Templating Enables Rapid Creation of a New System of Care

At the 2019 Healthcare Design Conference + Expo in New Orleans, Louisiana, SmithGroup presented its extensive work developing the Intrepid Spirit Centers, a new network of care within the military health system. The presentation was led by Matthew Reiskin, AIA, LEED AP BD+C, Senior Project Manager and Principal, and Lou Posada, Senior Medical Planner and Principal. They were joined by Dr. Thomas Piazza, retired Air Force Colonel and Director of the Intrepid Spirit Center at Eglin Air Force Base, Florida. This article summarizes insights from that presentation.

NICoE Intrepid Spirit Center - Fort Belvoir

Creating a National Network of Care

The hub of this new network is the National Intrepid Center of Excellence (NICoE), built in 2009 at the Walter Reed National Military Medical Center in Bethesda, Maryland. The world's most advanced treatment and research center for traumatic brain injury (TBI) and psychological health, the NICoE became the prototype for 10 satellite clinics that have been built or are planned at military bases around the country. Designed to extend care to the home base of many of the troops suffering the effects of TBI and PTS, these satellites, or Intrepid Spirit Centers (ISC), deploy with a templated design which enables a universal care standard and speed to market. They now function as a new nationwide healthcare system, establishing core mission protocols and conducting synchronized multi-site research and improvements to the rapidly evolving model of TBI care and rehabilitation.
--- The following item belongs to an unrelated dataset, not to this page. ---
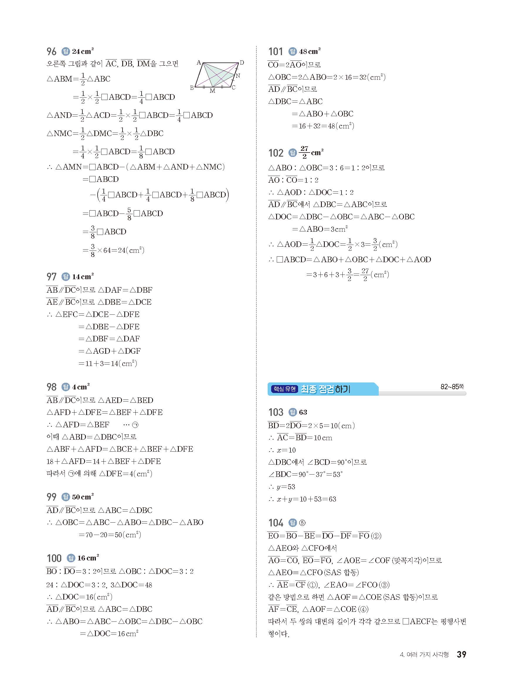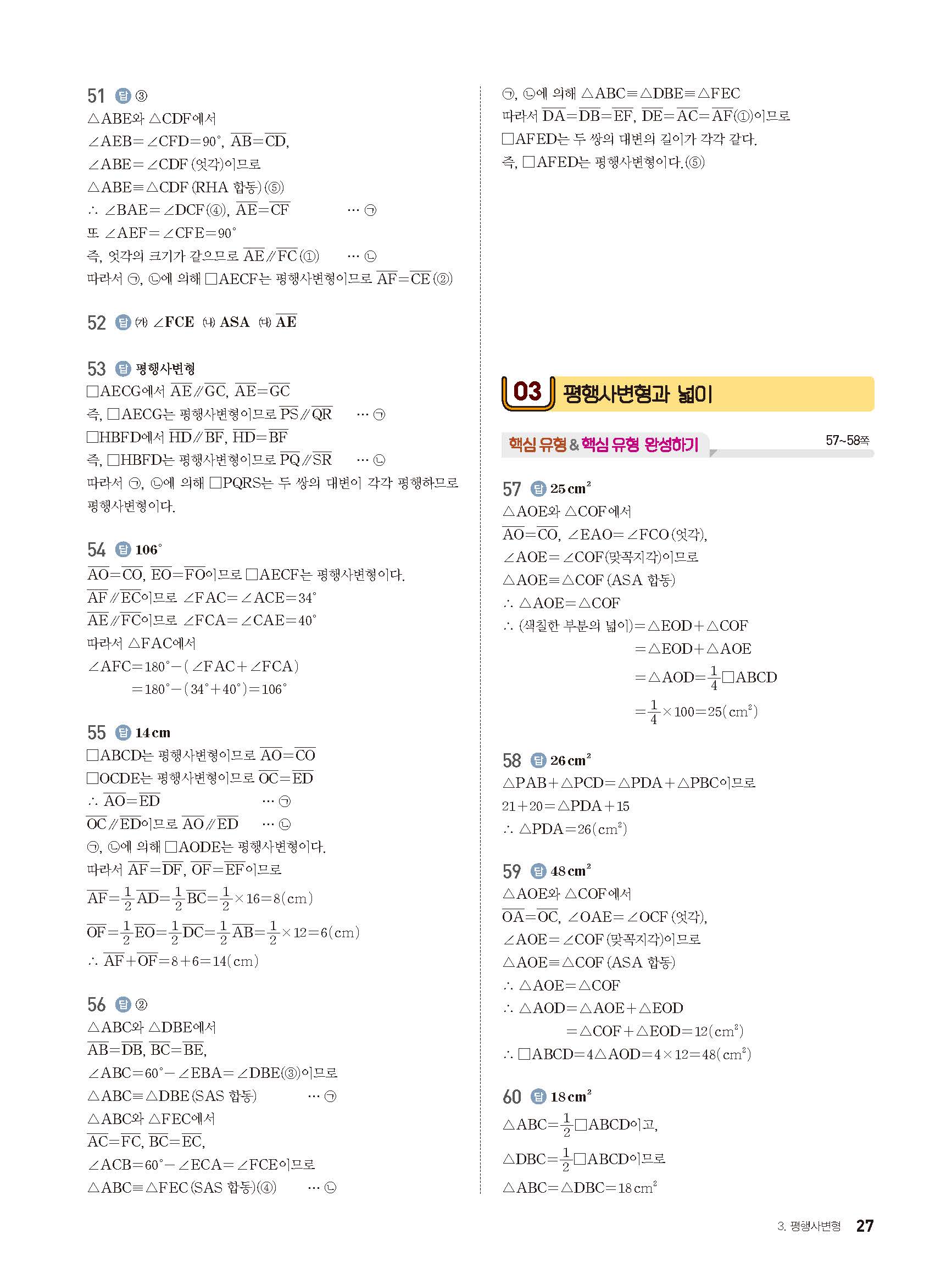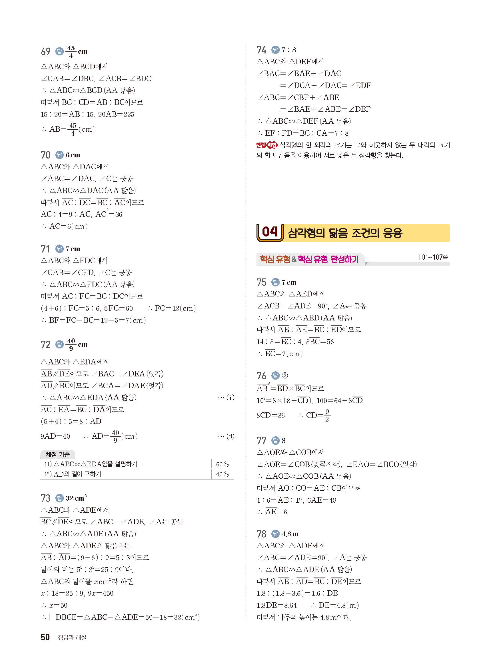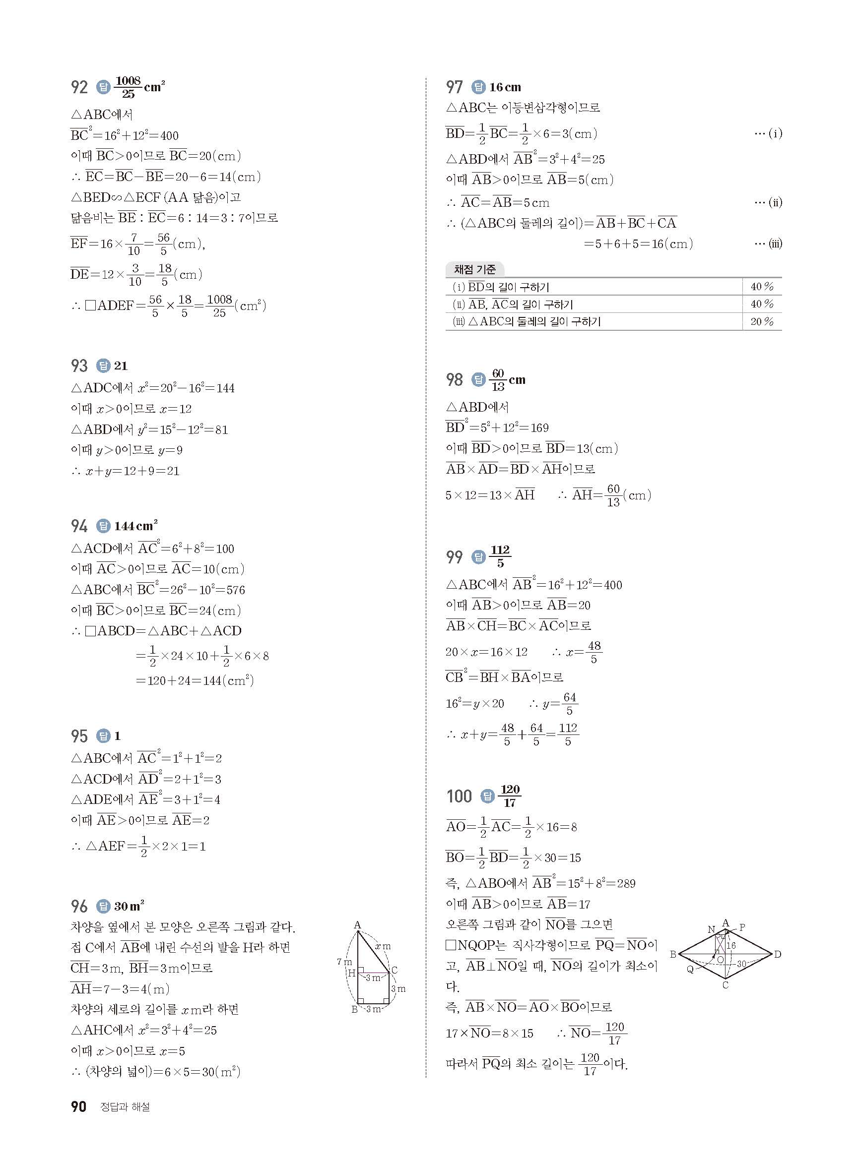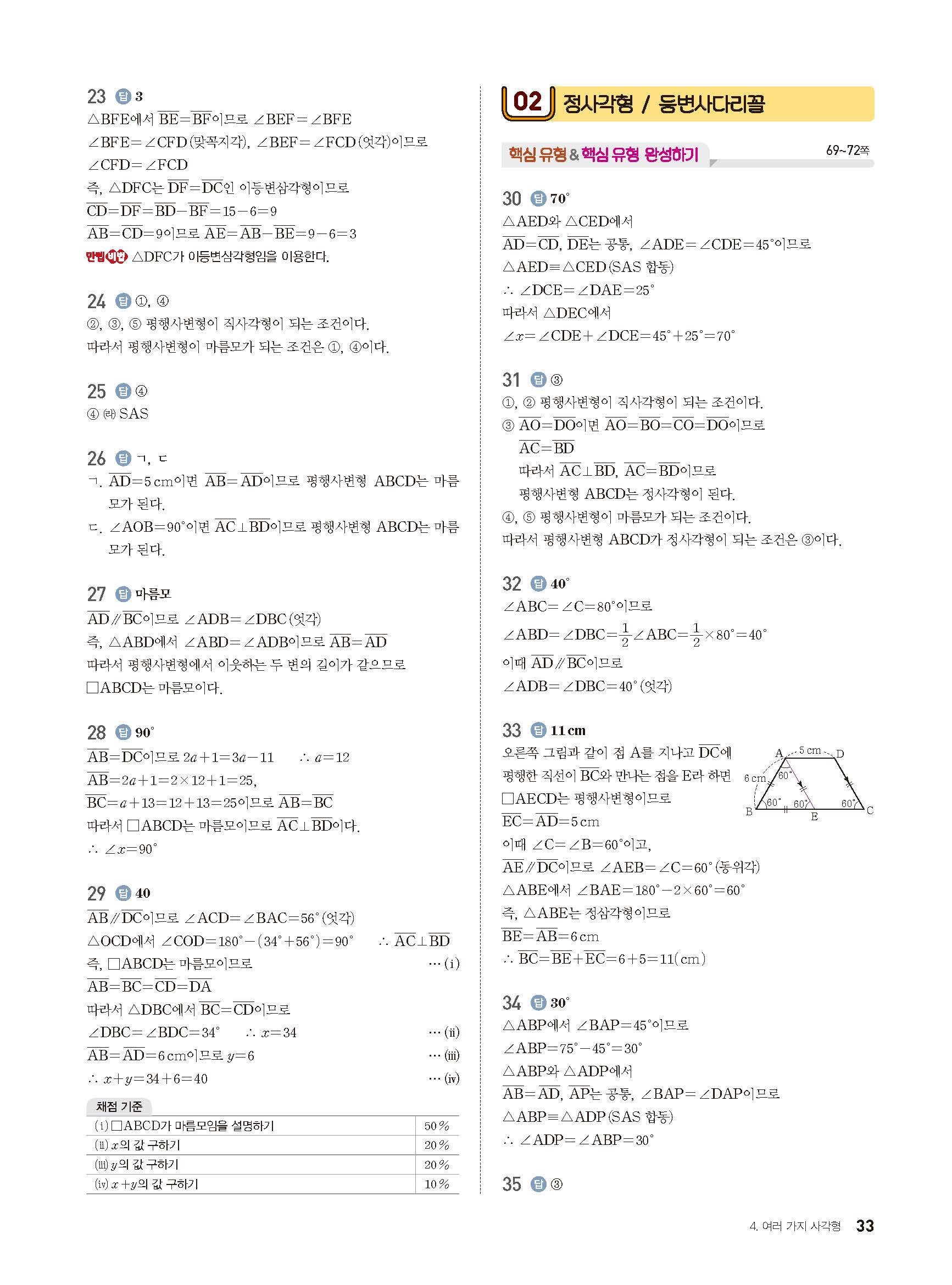 만렙 PM중등수학 중2하 2-2 답지 해설지 사진답지 빠른답지 모바일최적화

The impetus for this system of specialty clinics, the first such network of its kind in the world, was born from the wave of TBI and PTS patients coming back from recent wars abroad. This is especially true of service men and women that have survived improvised explosive devices (IEDs) in the past two decades. Their physical wounds may have healed but the invisible wounds remain. That is where the NICoE system hopes to play a healing role.

The product of a partnership between SmithGroup and the Intrepid Fallen Heroes Fund, a non-profit that has committed to raising the necessary funding and managing the design and construction of the NICoE and ISC network. Once completed, each facility is then donated to the Department of Defense.

Each Intrepid Spirit Center is approximately 25,000 square feet and costs roughly $11–$14 million to build and equip. The centers are designed around the interdisciplinary model of care first developed at NICoE, which brings all disciplines together under one roof.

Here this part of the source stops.